Time series: observations of well-defined data at regular intervals (weekly/monthly/yearly). Components: trend (long-term), cyclical (1-7 years), seasonal (yearly), irregular (random). Models: multiplicative (Y=T×C×S×I), additive (Y=T+C+S+I). Moving average smoothing for forecasting.
Sampling methods: probability (simple random, stratified, cluster, multistage) vs non-probability (purposive, convenience). Simple random: equal independent chance, requires population list. Stratified: heterogeneous subpopulations. Cluster: cost-effective. Multistage: widely spread populations.
Forecasting: reliable estimates of uncertain future events using historical data. Types: demand, environmental, technological. Timing: short-range (<3 months), medium-range (3-12 months), long-range (3+ years). Methods: qualitative (personal opinion, Delphi), quantitative (freehand, smoothing, trend).

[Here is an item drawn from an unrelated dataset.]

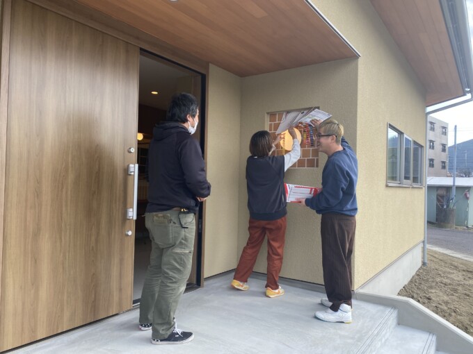 どんな色がいいだろう、太陽だけに照らされた時、照明を点けた時、いろんなパターンで比較して決めた色もとってもよかった!!!
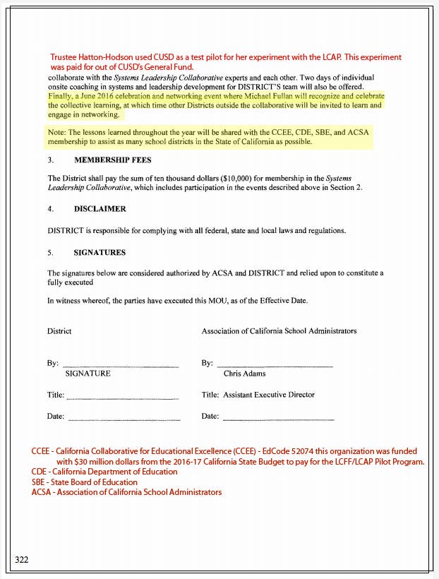 - CUSD paid the ACSA $10,000 for membership in Systems Leadership Collaborative - Trustee Hatton-Hodsons company.

Sampling distribution: probability distribution of all possible sample statistic values. Mean sampling distribution properties: arithmetic mean equals population mean µ, standard deviation equals σ/√n. Central Limit Theorem: non-normal populations approximate normal (n≥30).
Sampling definition: selecting representative sample from population for analysis and inference. Needs: population movement, cost/time constraints, destructive testing. Bias types: undercoverage, non-response, wording. Sampling vs non-sampling errors. Population parameters (µ, σ²) vs sample statistics (X̄, s²).